En una lejana aldea,
conocida como Hamelin, de un país muy lejano, hubo una epidemia de
ratas y ratones que había surgido por la dejadez de las autoridades,
pero también de la población. La plaga se había apoderado de tal forma
del poblado, que afectaba todos los ámbitos, desde el personal y
familiar hasta el social.
Lo asombroso es que a nadie le importó saber qué causó esta epidemia.
Para muchos, las causas, obviamente, eran la falta de higiene, de
políticas públicas, así como de no haberse ejecutado los fondos públicos
que se habían destinado para prevenir desastres. Las autoridades ya se
habían acostumbrado a reaccionar ante las malas noticias, y la población
había dejado de exigir programas de prevención.
De una manera urgente, los pobladores exigieron a sus autoridades que aprobaran, de urgencia nacional, una Ley Antirratones, que por esa época también fue conocida como Ley Anticorrupción, puesto que estos animales corroían todo lo que encontraban a su paso.
Las autoridades, previo a la sesión para conocer la ley, se habían comprometido, con rasgadura de vestiduras incluida, a que la aprobarían de urgencia nacional. Incluso, salieron tomándose fotografías en una pequeña área antirratones que habían instalado para poder pensar sin la maligna influencia de los roedores.
Sin embargo, nada pasó. Entonces, las autoridades, en vez de combatir las causas del mal, decidieron ofrecer una recompensa de 50 mil billetes a quien fuera capaz de hacer olvidar a la población de los roedores. Algunos pobladores consideraron que esto era ineficaz e insuficiente, y propusieron que se otorgara hasta 500 mil a quien fuera capaz de encontrar al culpable. Pero las autoridades justificaron que no tenían dinero y que, en todo caso, tendrían que aprobar más deuda para poder costearlo.
Atraídos por la recompensa, primero llegó un flautista, quien hizo olvidar con su música sobre la plaga, a pesar de que ésta, como el dinosaurio, continuaba allí. Después vinieron más músicos, algunos de los cuales hasta participaron en programas televisados; la población llegó a tal punto de la distracción, que se olvidó de los ratones y apoyó a estos artistas a punta de mensajes de texto.
Otro tipo de artistas vinieron: cineastas, pintores, escultores y escritores, quienes hacían enorgullecer a los habitantes de Hamelin con premios importantes en el extranjero, incluso el Premio Nobel de Literatura, entre otros.

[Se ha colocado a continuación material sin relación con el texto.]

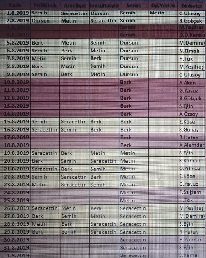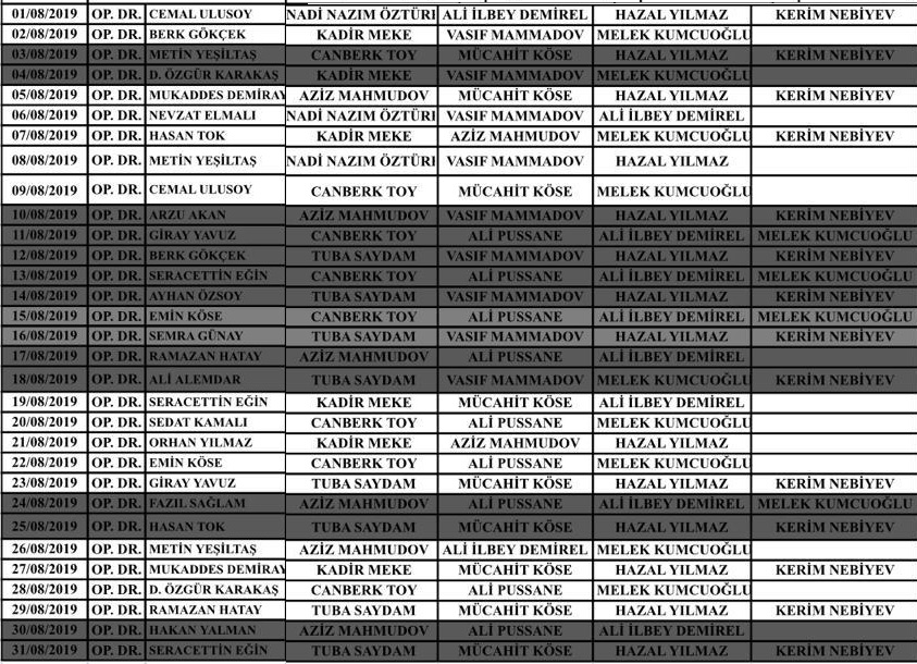 AĞUSTOS 2019 ASİSTAN NÖBET PROGRAMI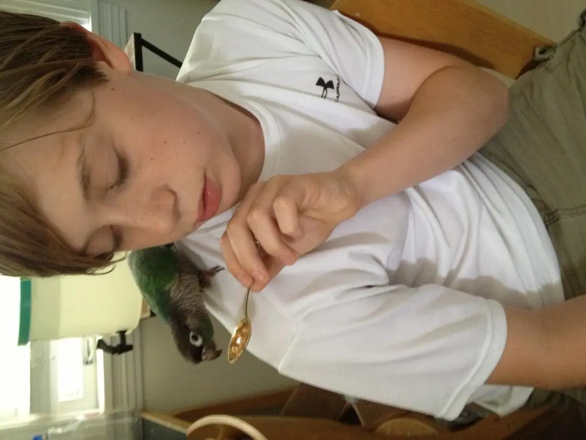 Meet Cyrus, my son's new love. We adopted him from a home with too many birds, and he didn't have a friend. He is a two-year-old turquoise GCC. Here, Henry feeds Cyrus peanut butter (organic, with flax seeds) from a little silver spoon. Really.

Y no solo artistas, porque también científicos y deportistas probaron suerte, y ciertamente algunos lo lograron, teniendo buenas participaciones en olimpiadas, científicas y deportivas, dándose a tacos con los mejores de otras aldeas de la aldea global.
Pero llegó el punto en que artistas, científicos y deportistas pidieron la recompensa prometida. Entonces, los ratones -que seguían allí, a pesar de todo- aconsejaron a las autoridades que se hicieran los locos y que no dieran la recompensa.
La decepción reinó en Hamelin, y los niños comprendieron que la aldea no tenía futuro. Tenían que decidir entre quedarse y aceptar el triunfo de las ratas, o emigrar a otras aldeas. Algunos se quedaron, pero poco a poco se empezaron a ir. Muchos aprovecharon el momento en que el flautista salía de la ciudad, mientras ejecutaba su instrumento.
Las autoridades comprendieron que con la huida de los niños, la aldea, tarde o temprano, se quedaría sin futuro. Entonces, para taparle el ojo al macho, ofrecieron, más bien, una pensión mensual de mil billetes a los artistas, científicos y deportistas, con tal de atarlos y que éstos no se fueran. Y ante la indignación de los pobladores, niños y hasta algunos ratones, las autoridades prometieron que harían una propuesta de ley para elevar esta pensión. Sin embargo, todos recordaron el fiasco de la no aprobación de la Ley Antirratones, y nadie les creyó.